Preocupación del ACNUR por los secuestros de refugiados en el este de Sudán

El siguiente contenido corresponde a las declaraciones formuladas hoy por un portavoz de ACNUR en una rueda de prensa en el Palacio de las Naciones, en Ginebra.

El ACNUR está registrando crecientes incidentes de secuestros y desapariciones principalmente de refugiados eritreos, presuntamente involucra tribus fronterizas en el este de Sudán. Esto está ocurriendo tanto en los campamentos de refugiados como en sus alrededores.

En los últimos dos años hemos visto a personas que desaparecen de los campamentos de Shagarab – algunos de ellos secuestrados, otros que posiblemente hayan recurrido a traficantes de personas para ser llevados a otros lugares. Los que son secuestrados a menudo son retenidos hasta que se pague un rescate o se convierten en víctimas de trata con fines de matrimonio forzado, explotación sexual o trabajo en condiciones de servidumbre.

Debido a la naturaleza mixta del problema, que presenta tanto elementos de voluntariedad como de coerción, es difícil tener datos precisos. Nuestra oficina en Sudán reporta 619 personas que han dejado los campamentos durante los últimos dos años, con 551 de ellos en 2012. Además hay más casos no confirmados.

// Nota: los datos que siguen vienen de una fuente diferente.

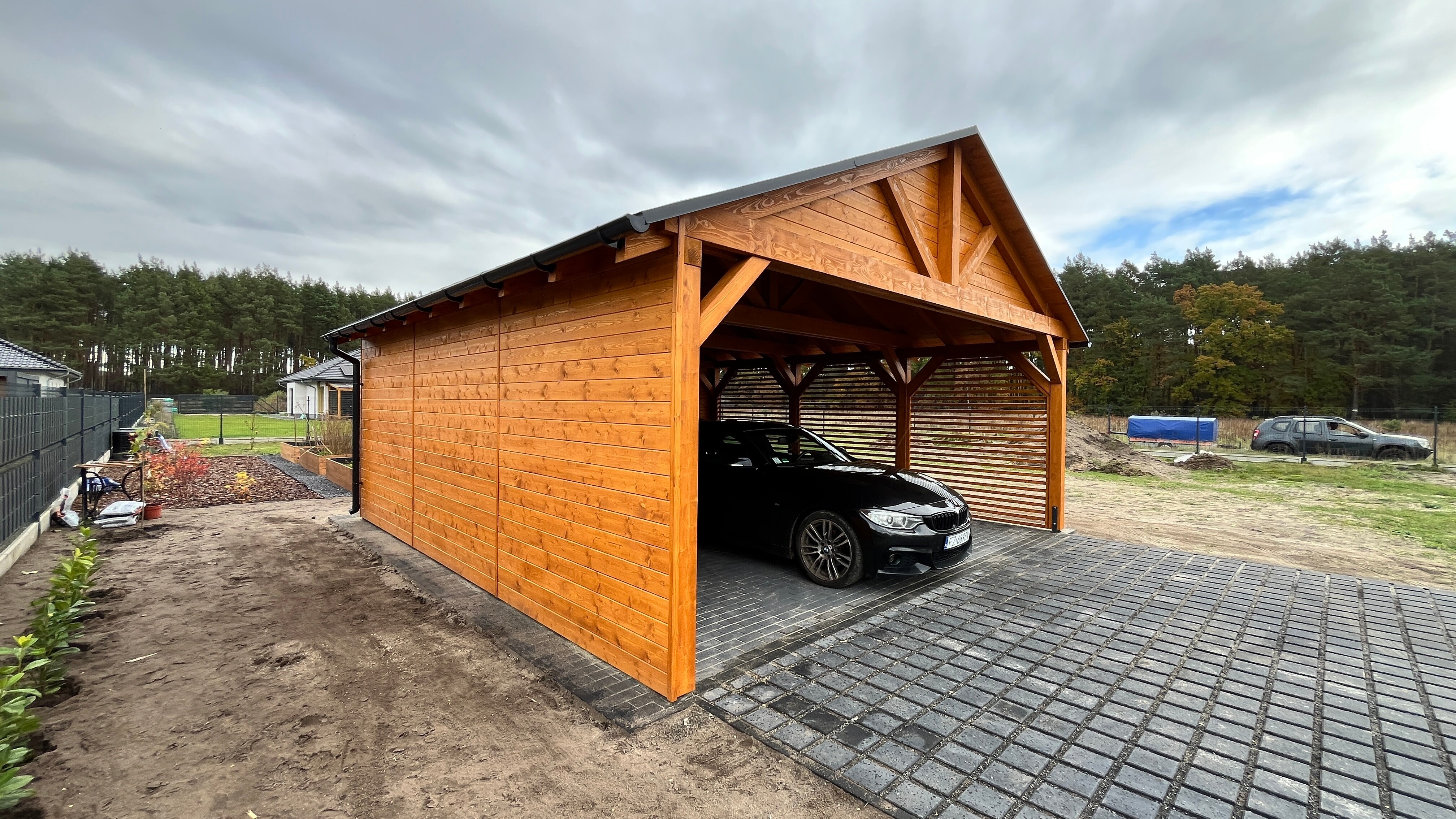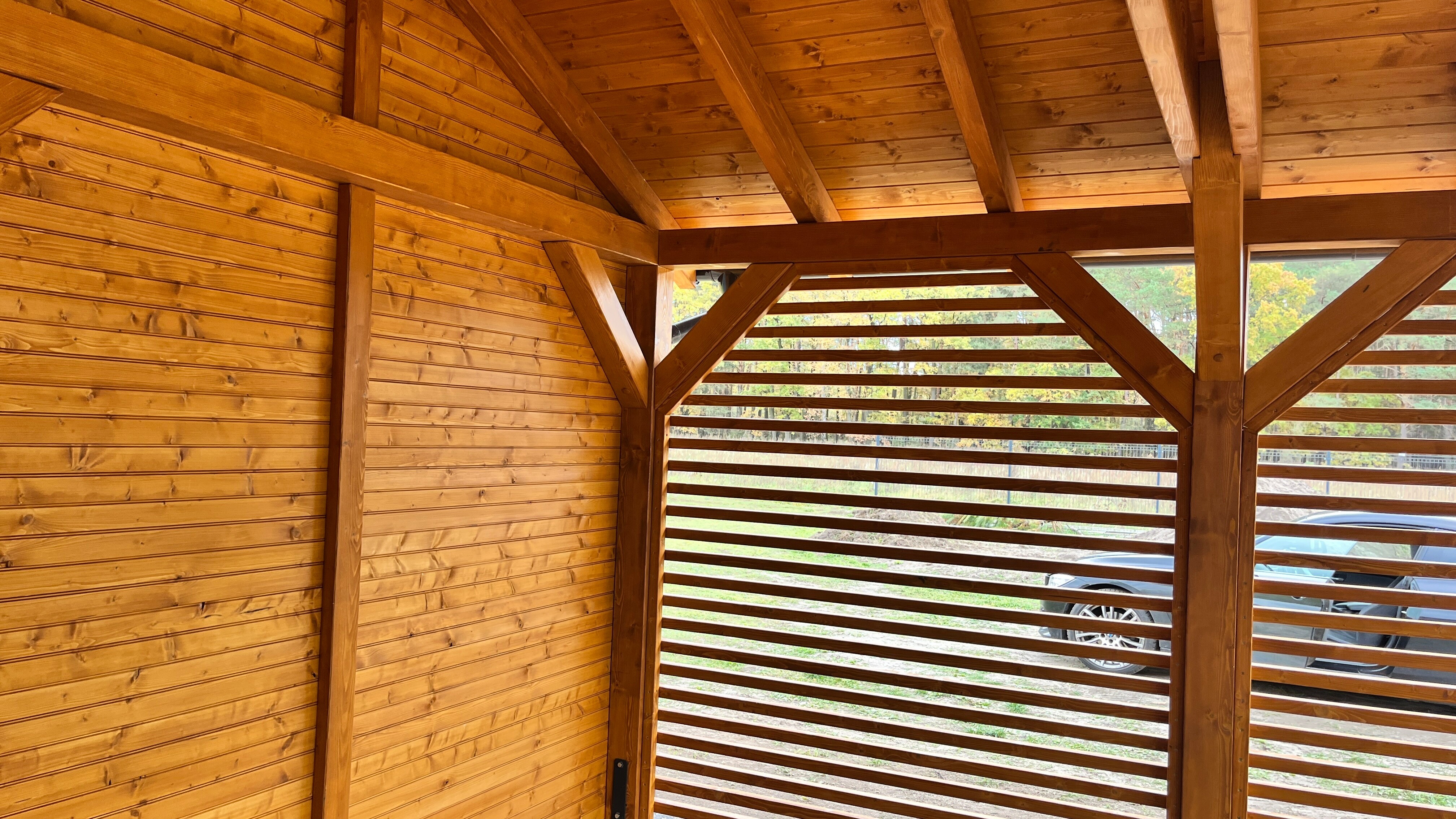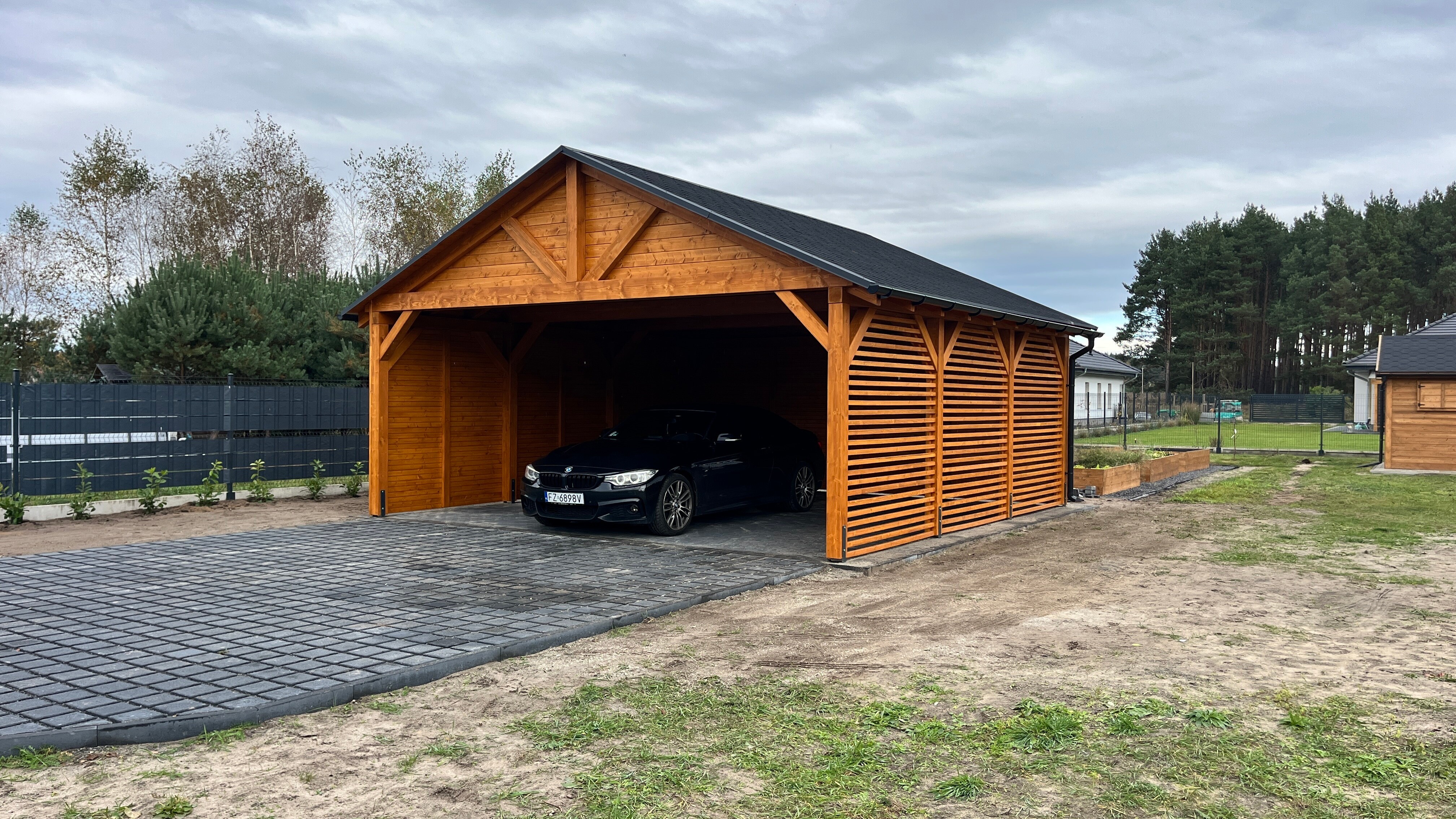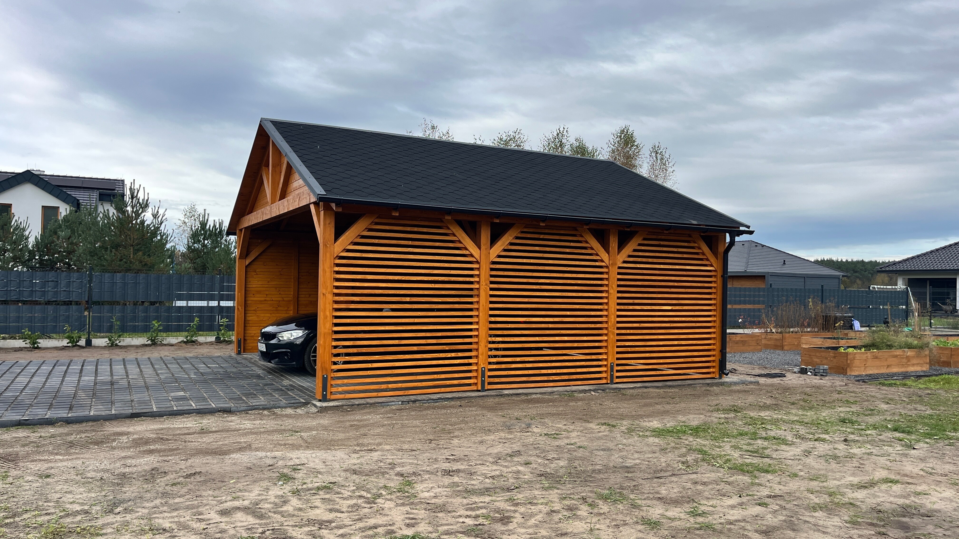 Wiata dwustanowiskowa o wymiarach 6x6,5 m wykonana z drewna KVH. Dach pokryty gontem bitumicznym na pełnym poszyciu z deski. Tył i lewy bok zabudowane na głucho, natomiast prawa strona wykończona drewnianymi lamelami. Całość zaimpregnowana i wykończona lakierobejcą marki Flugger w kolorze Light Amber odporną na warunki atmosferyczne.
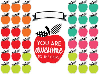 Featuring pops of color and fun, eye-catching patterns to spark children’s imaginations and curiosity, this bulletin board set helps create a classroom environment where students celebrate their individuality! The set includes 38 pieces—a large “You Are Awesome to the Core” apple, a blank banner and 36 apple accents in 5 colors; largest piece measures 16 1/3" x 17 2/5".

Los incidentes más recientes de secuestros que incluían cuatro mujeres refugiadas se produjeron en los campamentos de Shagarab durante la noche y madrugada del 22 de enero. Los refugiados en el campamento, que alberga a 29.445 personas, también habían informado del secuestro de un hombre la semana anterior. En reacción a estos incidentes, algunos refugiados atacaron a miembros de una tribu local considerados responsables de los secuestros. La violencia que siguió dejó a varios heridos entre la población local y los refugiados. Desde entonces la calma ha sido restaurada.

El riesgo de ser secuestrado es mayor para los refugiados y solicitantes de asilo eritreos que entran en el Sudán oriental. Sobre la base de numerosos informes y entrevistas individuales, los principales responsables de la trata y el tráfico de personas desde el este de Sudán a Egipto, son miembros de tribus locales en el este de Sudán y en el Sinaí, así como algunas bandas criminales. Algunos solicitantes de asilo son secuestrados en la frontera entre Eritrea y Sudán antes de llegar a los campamentos, mientras que otros son secuestrados en los alrededores de los campamentos en el este de Sudán. Los que deliberadamente recurren a traficantes de personas parecen hacerlo tanto para entrar en Sudán como para su posterior desplazamiento a Egipto o Israel. En muchos casos también terminan siendo abusados por los traficantes que los venden a tratantes o los detienen para pedir un rescate.

El ACNUR está trabajando con las autoridades sudanesas, la Oficina Internacional para las Migraciones y otros organismos humanitarios para reducir el riesgo de raptos y secuestros en la zona. El Gobierno de Sudán ya ha desplegado más policías y estamos apoyando a las autoridades a mejorar la seguridad en general, incluyendo la construcción y rehabilitación de las comisarías de policía, la provisión de vehículos y equipo de comunicación. El ACNUR también está ayudando a los refugiados de los campamentos Shagarab con la creación de un sistema de vigilancia comunitario para reducir los riesgos de seguridad.

También estamos proporcionando asesoramiento psicosocial a los sobrevivientes de trata y prestando asistencia jurídica a las personas detenidas para asesorarles sobre los procedimientos judiciales y asegurar su liberación

ACNUR hace un llamamiento a todos los actores nacionales e internacionales para intensificar los esfuerzos para contrarrestar los grupos criminales que buscan explotar los refugiados y solicitantes de asilo y así reducir los riesgos de secuestro y tráfico y trata de personas.